**Your objective:** Print the data once more, exactly as supplied.

===============

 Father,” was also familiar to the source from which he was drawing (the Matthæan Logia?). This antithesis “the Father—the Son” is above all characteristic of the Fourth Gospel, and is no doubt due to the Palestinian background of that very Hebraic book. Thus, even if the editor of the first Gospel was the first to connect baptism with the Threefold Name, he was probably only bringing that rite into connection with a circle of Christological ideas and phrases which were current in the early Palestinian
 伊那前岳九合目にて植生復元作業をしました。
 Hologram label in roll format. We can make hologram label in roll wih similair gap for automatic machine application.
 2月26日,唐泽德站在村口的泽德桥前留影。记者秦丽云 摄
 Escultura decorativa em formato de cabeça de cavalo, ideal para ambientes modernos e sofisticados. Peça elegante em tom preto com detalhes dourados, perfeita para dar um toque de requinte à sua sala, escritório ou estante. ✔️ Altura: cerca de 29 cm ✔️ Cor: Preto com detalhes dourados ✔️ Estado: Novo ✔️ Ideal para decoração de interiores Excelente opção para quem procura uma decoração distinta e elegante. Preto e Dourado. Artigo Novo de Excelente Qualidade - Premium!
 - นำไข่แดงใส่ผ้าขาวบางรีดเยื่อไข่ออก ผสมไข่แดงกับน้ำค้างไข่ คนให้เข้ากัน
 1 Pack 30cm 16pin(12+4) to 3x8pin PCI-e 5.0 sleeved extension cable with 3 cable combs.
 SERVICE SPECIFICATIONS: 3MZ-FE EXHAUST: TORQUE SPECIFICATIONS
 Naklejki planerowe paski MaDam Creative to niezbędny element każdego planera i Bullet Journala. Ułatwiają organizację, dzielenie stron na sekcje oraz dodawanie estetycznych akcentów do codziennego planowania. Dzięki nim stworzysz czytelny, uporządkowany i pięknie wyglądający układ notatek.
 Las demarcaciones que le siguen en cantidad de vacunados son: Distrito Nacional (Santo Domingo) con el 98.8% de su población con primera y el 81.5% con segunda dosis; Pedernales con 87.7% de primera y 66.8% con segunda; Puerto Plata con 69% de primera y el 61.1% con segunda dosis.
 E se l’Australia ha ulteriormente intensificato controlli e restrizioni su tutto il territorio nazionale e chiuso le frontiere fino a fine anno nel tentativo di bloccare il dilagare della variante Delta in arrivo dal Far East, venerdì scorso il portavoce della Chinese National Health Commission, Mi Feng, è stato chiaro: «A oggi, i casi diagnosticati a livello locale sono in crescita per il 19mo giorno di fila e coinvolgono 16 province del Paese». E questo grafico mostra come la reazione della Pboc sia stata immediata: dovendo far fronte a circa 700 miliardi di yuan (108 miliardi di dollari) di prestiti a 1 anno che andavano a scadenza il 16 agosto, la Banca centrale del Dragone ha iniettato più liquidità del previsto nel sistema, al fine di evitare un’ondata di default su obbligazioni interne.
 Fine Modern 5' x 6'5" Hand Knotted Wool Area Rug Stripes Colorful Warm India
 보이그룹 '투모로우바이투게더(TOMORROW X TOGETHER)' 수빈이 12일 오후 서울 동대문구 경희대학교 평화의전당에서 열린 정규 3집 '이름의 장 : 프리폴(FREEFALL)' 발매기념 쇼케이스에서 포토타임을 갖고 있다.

===============

**Written reply:**
 Father,” was also familiar to the source from which he was drawing (the Matthæan Logia?). This antithesis “the Father—the Son” is above all characteristic of the Fourth Gospel, and is no doubt due to the Palestinian background of that very Hebraic book. Thus, even if the editor of the first Gospel was the first to connect baptism with the Threefold Name, he was probably only bringing that rite into connection with a circle of Christological ideas and phrases which were current in the early Palestinian
 伊那前岳九合目にて植生復元作業をしました。
 Hologram label in roll format. We can make hologram label in roll wih similair gap for automatic machine application.
 2月26日,唐泽德站在村口的泽德桥前留影。记者秦丽云 摄
 Escultura decorativa em formato de cabeça de cavalo, ideal para ambientes modernos e sofisticados. Peça elegante em tom preto com detalhes dourados, perfeita para dar um toque de requinte à sua sala, escritório ou estante. ✔️ Altura: cerca de 29 cm ✔️ Cor: Preto com detalhes dourados ✔️ Estado: Novo ✔️ Ideal para decoração de interiores Excelente opção para quem procura uma decoração distinta e elegante. Preto e Dourado. Artigo Novo de Excelente Qualidade - Premium!
 - นำไข่แดงใส่ผ้าขาวบางรีดเยื่อไข่ออก ผสมไข่แดงกับน้ำค้างไข่ คนให้เข้ากัน
 1 Pack 30cm 16pin(12+4) to 3x8pin PCI-e 5.0 sleeved extension cable with 3 cable combs.
 SERVICE SPECIFICATIONS: 3MZ-FE EXHAUST: TORQUE SPECIFICATIONS
 Naklejki planerowe paski MaDam Creative to niezbędny element każdego planera i Bullet Journala. Ułatwiają organizację, dzielenie stron na sekcje oraz dodawanie estetycznych akcentów do codziennego planowania. Dzięki nim stworzysz czytelny, uporządkowany i pięknie wyglądający układ notatek.
 Las demarcaciones que le siguen en cantidad de vacunados son: Distrito Nacional (Santo Domingo) con el 98.8% de su población con primera y el 81.5% con segunda dosis; Pedernales con 87.7% de primera y 66.8% con segunda; Puerto Plata con 69% de primera y el 61.1% con segunda dosis.
 E se l’Australia ha ulteriormente intensificato controlli e restrizioni su tutto il territorio nazionale e chiuso le frontiere fino a fine anno nel tentativo di bloccare il dilagare della variante Delta in arrivo dal Far East, venerdì scorso il portavoce della Chinese National Health Commission, Mi Feng, è stato chiaro: «A oggi, i casi diagnosticati a livello locale sono in crescita per il 19mo giorno di fila e coinvolgono 16 province del Paese». E questo grafico mostra come la reazione della Pboc sia stata immediata: dovendo far fronte a circa 700 miliardi di yuan (108 miliardi di dollari) di prestiti a 1 anno che andavano a scadenza il 16 agosto, la Banca centrale del Dragone ha iniettato più liquidità del previsto nel sistema, al fine di evitare un’ondata di default su obbligazioni interne.
 Fine Modern 5' x 6'5" Hand Knotted Wool Area Rug Stripes Colorful Warm India
 보이그룹 '투모로우바이투게더(TOMORROW X TOGETHER)' 수빈이 12일 오후 서울 동대문구 경희대학교 평화의전당에서 열린 정규 3집 '이름의 장 : 프리폴(FREEFALL)' 발매기념 쇼케이스에서 포토타임을 갖고 있다.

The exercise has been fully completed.